Sunday, June 29, 2008

  • what has become of my graduating class

    I don't know if the ag department was experimenting on us all that time, or if it's some kind of socio-cultural thing, or if it had to do with the economy or what have you. But there are just too many from the Weiser class of '06 that suffer from a really serious lack of any sort of ambition whatsoever.

    I'm not talking about the bottom third of the class or anything, either. I'm pretty sure Stoltz is still working at the movie theater and probably getting blazed out of his mind at least once a week. Although there are a few of these. (Almost all of the following is hearsay. Nothing I've discovered myself but things told to me by friends. But they are friends I am inclined to believe.) For example. My friend Melissa works at a campground and someone came in the other day to reserve some part of it for a wedding reception some time from now. It was a boy by the name of Brent Fisher, who is apparently getting married and already has a kid. At the age of nineteen. I cannot fathom this.

    An old friend of mine, Amanda Jones, who went from being heavily into rap as a young teenager, to slightly-almost-sorta goth by the end of high school, to a working-class country music girl as of late, just got engaged. At the age of nineteen. She lives with the boy (who is apparently a Mennonite- I really can't fathom that) and they just got a puppy.

    But no, what really gets to me is the fates of some of our best and brightest. Out of a graduating class of slightly over 200, I think four or five opted for an out-of-state school. These are people with not only the intelligence but in some cases the money to attend prestigious schools. And yet they never ventured far from the womb. Millersville, West Chester, Shippensburg, East Stroudsburg, Bloomsburg, Kutztown, Susquehanna. DeSales. We were never close, but I liked Melissa Egan alright. She got an absolute boat-load of scholarships... and went to DeSales. Nothing against her, of course. I'm sure she was thorough in her selection process and was happy with her choice. But I was at DeSales once and it is one of the most depressing places I have ever been. Maybe it was just the day we went, but everything just seemed so terribly bleak. Everything was gray and outside of campus were endless fields of nothing. It just didn't make any sense. That out of this many people, so few of us were really aiming high. I guess Penn State is moderately prestigious and I know it was a lot of people's grand goal in life to go there. But what I didn't understand is why almost no one even applied anywhere they thought was out of their reach, either academically or financially. Even if they wanted to stay in-state, I mean... why not try UPenn? What the hell have you got to lose?!

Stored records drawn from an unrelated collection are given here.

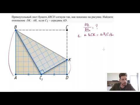 Прямоугольный лист бумаги ABCD согнули так, как показано на рисунке. Найдите отношение DK : AB, если C1 – середина AD. Сайт - https://taplink.cc/ege_oge.math Мой второй канал для подготовки к ЕГЭ и ОГЭ - https://www.youtube.com/ЕвгенийСумин TikTok - https://vm.tiktok.com/WJJwK9 Инстаграм - https://www.instagram.com/EGE_OGE.math Личный инстаграм - https://www.instagram.com/ee_sumin VK - https://vk.com/evgeniysumin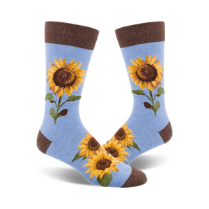 From the depths of blue, our Sunflower Socks bring a ray of sunshine to your feet. With a field of yellow sunflowers blooming against a brown cuff, these socks will brighten your day no matter the weather. Perfect for the flower-loving men in your life, they're a fun, colorful way to add some cheer to any outfit. Socks that bring a smile to your face? Now that's a🌻 idea!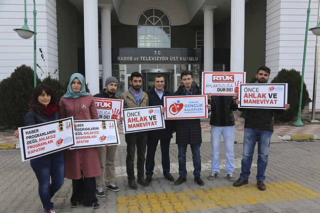 " Toplumumuz üzerinde gerçekleştirilmek istenen ahlak dejenerasyonu sınırlarını her geçen gün daha arttırmaktadır. Özel bir TV’de yayınlanan ve tarihi gerçeklerden tamamen uzak senaristlerin dünyevi fantezilerini kaleme döktükleri “Muhteşem Yüzyıl Kösem Sultan adlı sinsi proje, her ne kadar "bu sadece bir kurgu kimseyi hedef almıyoruz" söylemi ile savunulsa da koskoca Cihan imparatorluğu Osmanlı Devletini böylesi ahlaksız durumda film etmeleri kabul edilir bir durum değildir. Bir diğer özel TV kanalında yayınlanan “Benim Stilim adlı program kişilerin kendini pazarladığı ekran başındaki genç kızlarımızı zehirleyen ve özendiren mutlaka önü alınması gereken bir garabet. Evlilik otoritesinin ayaklar altına alındığı böylesine kutsal bir bağın reyting uğruna katledildiği, RTÜK’ün müsaadesiyle yayınlanan “Kısmetse Olur” adlı yarışma programı da toplum dinamiklerini yıkmaya yönelik en büyük projelerden biri olarak görüyoruz. Çocuklar için oluşturulan TV kanalarında da amacı sadece tüketim olan yeni bir nesil yetiştirmek olan programlarda kınadıklarımız arasında. Tüm bunların yanında evliliğin gereksiz bir kavram olduğu, gündelik ilişkilere özendiren, erkek ve kadın ilişkilerinin çarpıtıldığı, ahlak otoritesinin yok olduğu, şiddetin özendirildiği ve daha onlarca zararını sayamadığımız kötülükler ekranlarda başıboş hareket ederek adeta bir zehir gibi geleceğimizin damarlarına işlenmekte."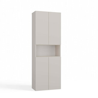 Un dulap înalt este o alegere excelentă pentru depozitarea prosoapelor, a produselor cosmetice sau a unui coș de rufe. De obicei, are o înălțime de 150 cm sau mai mult. În ceea ce privește lățimea și adâncimea dulapului, oferta este largă. Modelele mai inguste cu o lățime de 30 cm vor umple perfect spațiile goale din baie. La rafturi sau sertare, este posibilitatea de alegere și a dulapurilor laterale. Unele tipuri au și coșul de rufe încorporat. Dulapul deasupra chiuvetei este ideal pentru depozitarea medicamentelor și a produselor cosmetice, incluzând adesea o oglindă.

    And now Annamarie McCormick is engaged too and I really don't know what to think. How can anyone be so sure that a person they've found at nineteen is the person they want to spend the rest of their life with, when they haven't even finished school or experienced a fraction of what the world has to offer? Am I crazy? How can you know what you want when you don't even know who you are yet?

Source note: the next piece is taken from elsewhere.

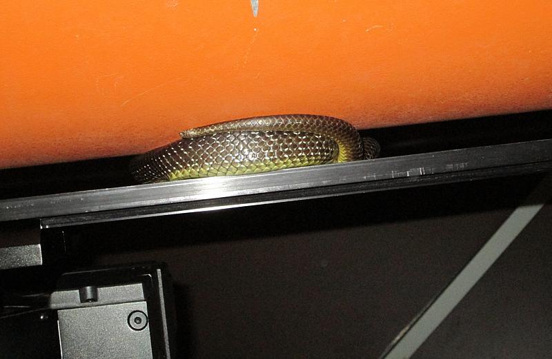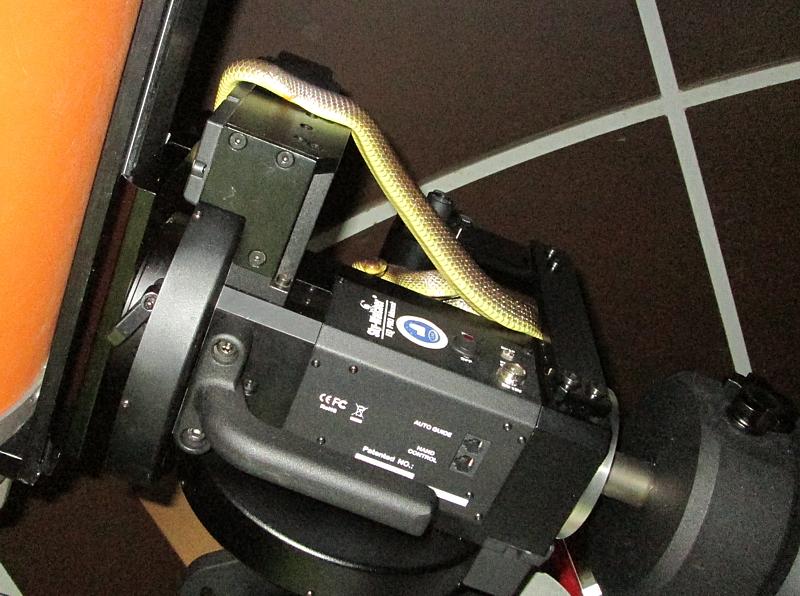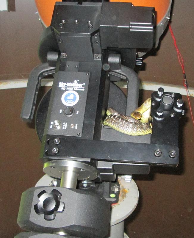 Da hatte es sich doch tatsächlich eine Äskulapnatter im Zwischenraum von Montierung und Teleskop bequem gemacht !

    These people must have a level of self-assurance I may never approach at any point during the remainder of my life. Maybe I'm the one with the wrong idea and my life ambition ought to be an engagement within the next year. Sorry I didn't come to college for my Mrs. degree. I guess I was wrong to assume we were no longer living in the 1950's.

    No offense to anyone who might be nineteen and engaged. But... damn. That's one of those things in life I Just Don't Get.